Omit the images and reproduce the rest of the entries exactly.

[Opening SUPPLIED DATA section]

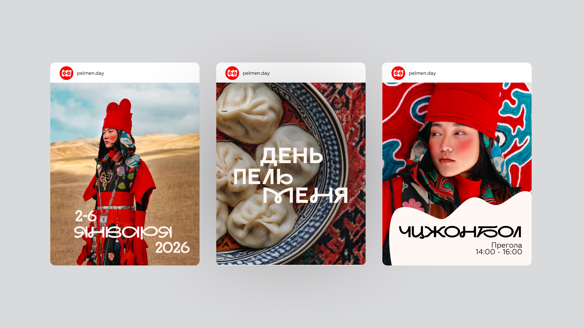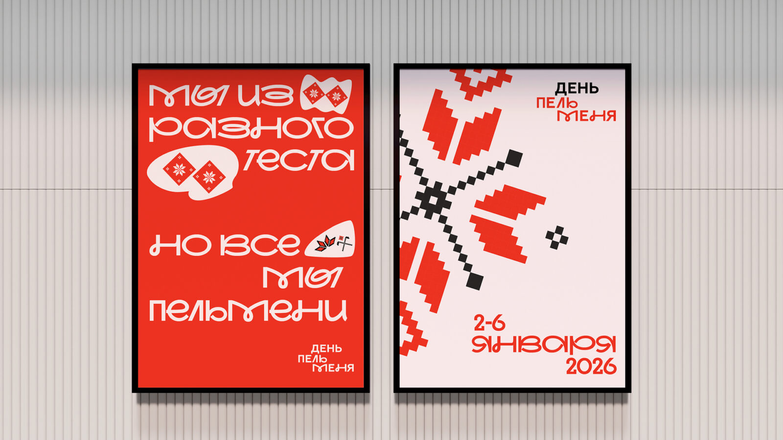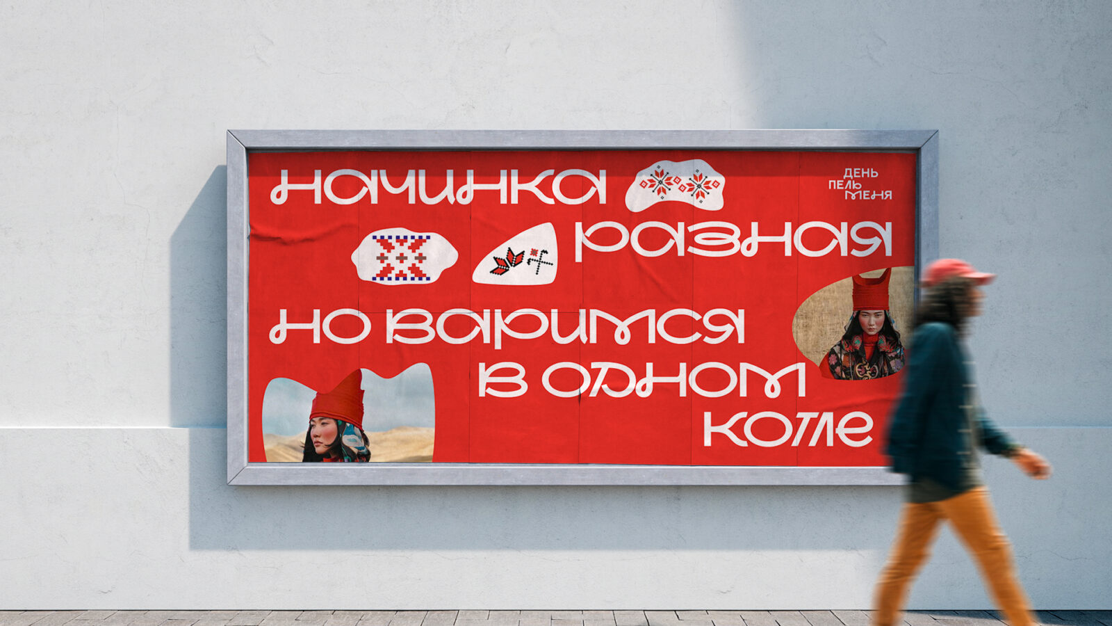 The idea is based on the well-known idiom: “made of different dough”. Udmurtia is indeed home to completely different people who are “made of different dough”, but they are all one nation with a unique culture and traditions. And the festival is a reason to remember this, because pelmeni is a generalized image of unity. The identity combines hand-drawn Udmurt patterns, abstract dumpling shapes, and molded typography. With the help of different dumpling shapes and patterns that symbolize the filling, we convey the main idea: “We are made of different dough, but we are all dumplings.”
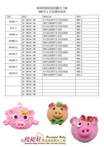 1月1日-2月24日蛋糕DIY體驗課程時間
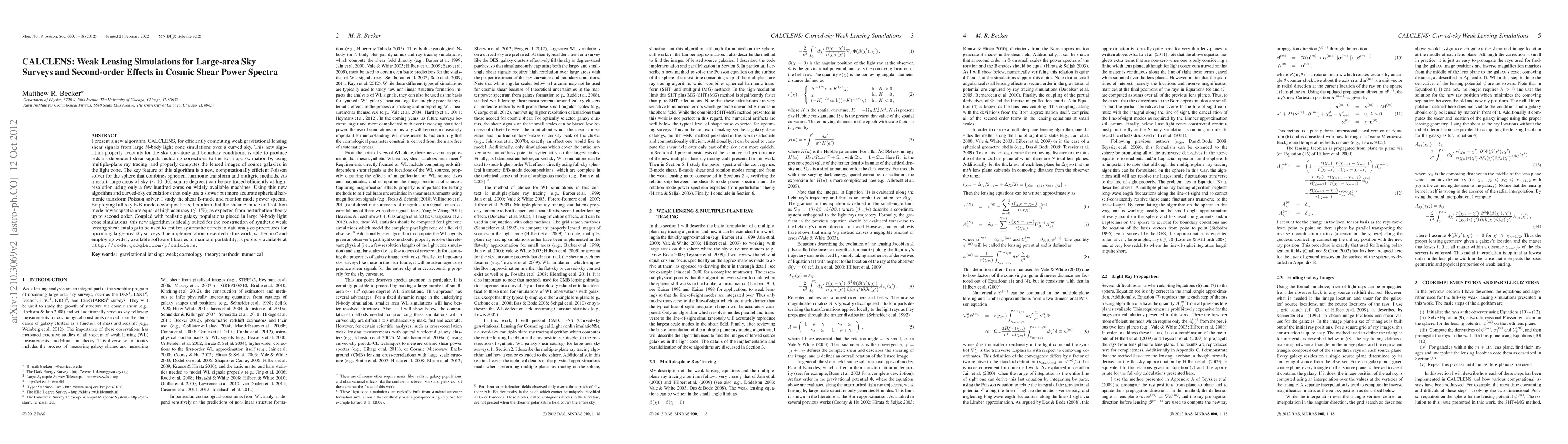 CALCLENS is a new algorithm for efficiently computing weak gravitational lensing signals from large-area sky surveys, featuring a novel Poisson solver for curved sky simulations. It accurately computes shear signals and lensed images, enabling high-resolution analysis of cosmic shear power spectra and confirming theoretical predictions for shear B-mode and rotation mode power spectra.
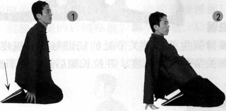 两腿并拢,屈膝成跪姿,脚背绷平,两手分别垂于 身体两侧,使臀部下落坐在足跟上,两手在体后着地支 撑,上体成后仰,使脚踝被用力跪压(图1、2)。
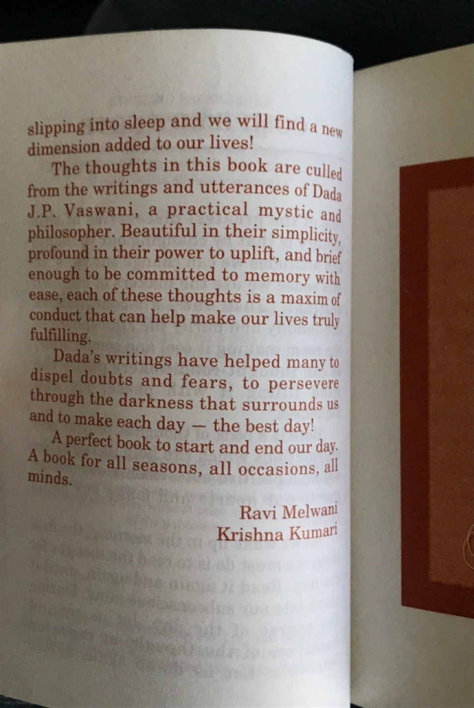 The small and conveniently sized book is purposely made that way to easily carry along for day to day, having it close on hand anywhere and anytime some inspiration and grounding is needed.
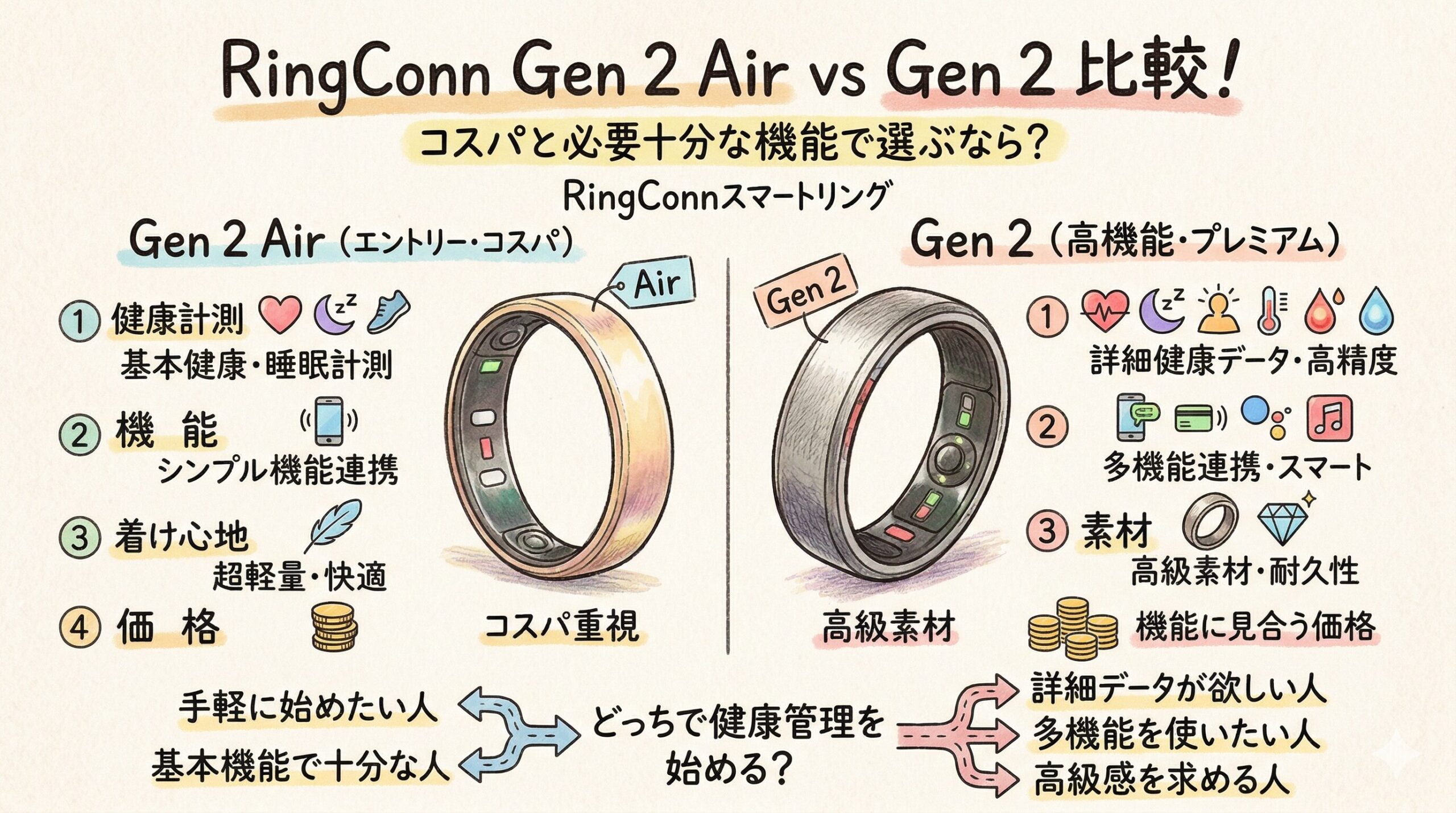 この記事では、公式情報とレビューをもとに、RingConn Gen 2 AirとRingConn Gen 2の差を、購入判断に直結するところだけに絞って整理しました。

[Closing SUPPLIED DATA section]

**ANSWER TO THIS PROBLEM:**
 The idea is based on the well-known idiom: “made of different dough”. Udmurtia is indeed home to completely different people who are “made of different dough”, but they are all one nation with a unique culture and traditions. And the festival is a reason to remember this, because pelmeni is a generalized image of unity. The identity combines hand-drawn Udmurt patterns, abstract dumpling shapes, and molded typography. With the help of different dumpling shapes and patterns that symbolize the filling, we convey the main idea: “We are made of different dough, but we are all dumplings.”
 1月1日-2月24日蛋糕DIY體驗課程時間
 CALCLENS is a new algorithm for efficiently computing weak gravitational lensing signals from large-area sky surveys, featuring a novel Poisson solver for curved sky simulations. It accurately computes shear signals and lensed images, enabling high-resolution analysis of cosmic shear power spectra and confirming theoretical predictions for shear B-mode and rotation mode power spectra.
 两腿并拢,屈膝成跪姿,脚背绷平,两手分别垂于 身体两侧,使臀部下落坐在足跟上,两手在体后着地支 撑,上体成后仰,使脚踝被用力跪压(图1、2)。
 The small and conveniently sized book is purposely made that way to easily carry along for day to day, having it close on hand anywhere and anytime some inspiration and grounding is needed.
 この記事では、公式情報とレビューをもとに、RingConn Gen 2 AirとRingConn Gen 2の差を、購入判断に直結するところだけに絞って整理しました。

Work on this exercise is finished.